“So what do we do now?” Lessons from the AAC&U 2017 Annual Meeting

At whose expense are service learning and diversity courses effective? Can U.S. education policy stop telling poor students what to do (and instead provide them with resources and opportunities)? How can we avoid reproducing oppressions in our social justice work in education?

These are just some of the difficult and important questions addressed at this year’s AAC&U Annual Meeting, “Building Trust in the Promise of Liberal Education.” Without a doubt, the most common refrain, resounding over and over again, was “so what do we do now?” Now that Trump is president and the intersecting axes of discrimination and oppression are multiplying, intensifying, and sanctioned by the U.S. president.

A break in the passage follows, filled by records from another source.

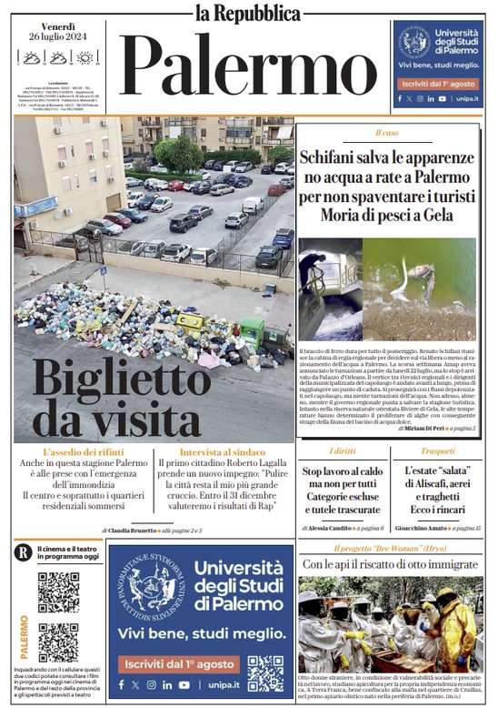 L’edizione odierna de la Repubblica Palermo, si sofferma sulla situazione dei rifiuti del capoluogo dell’Isola.
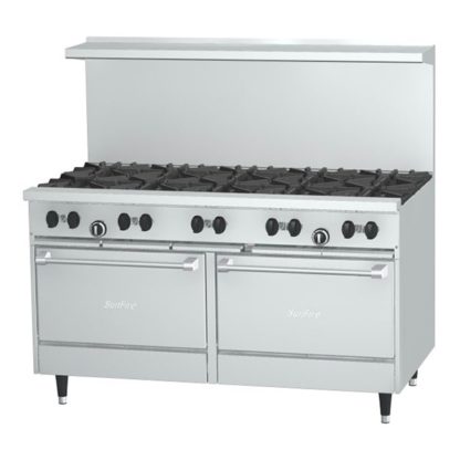 Sunfire Restaurant Range, 60″, (10) 30,000 BTU open burners, with cast iron top & ring grates, (2) standard oven with 2 position rack guides with oven rack each, stainless steel front, sides, plate rail, backguard, & high shelf, 6″ steel core legs, 366,000 BTU, NSF, CSA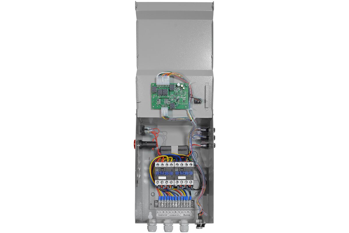 Предназначен для автоматического запуска бензинового генератора в момент пропадания основного источника электроэнергии и переключения нагрузки без вмешательства человека

To back up a bit: the AAC&U is the Association of American Colleges & Universities. Two thousand college and university administrators, presidents, deans, faculty, graduate students, and (to my delight) undergraduates, from all over the world, attended this year’s conference in San Francisco. I was there receiving the 2017 K. Patricia Cross Future Leaders Award and to find out what this AAC&U organization is all about. Without a doubt, the highlight of the conference was getting to know the other recipients – graduate students from different schools and disciplines who are transforming education in order to improve society. Their resumes are impressive, to say the very least, but in person they far exceed what a professional bio can capture. Their generosity, kindness, fierce intellect, humor, determination, care, and bravery are, as Lee Knefelkamp, quoting Maxine Greene, kept saying “a light in dark times.” I hope we will remain friends for years to come.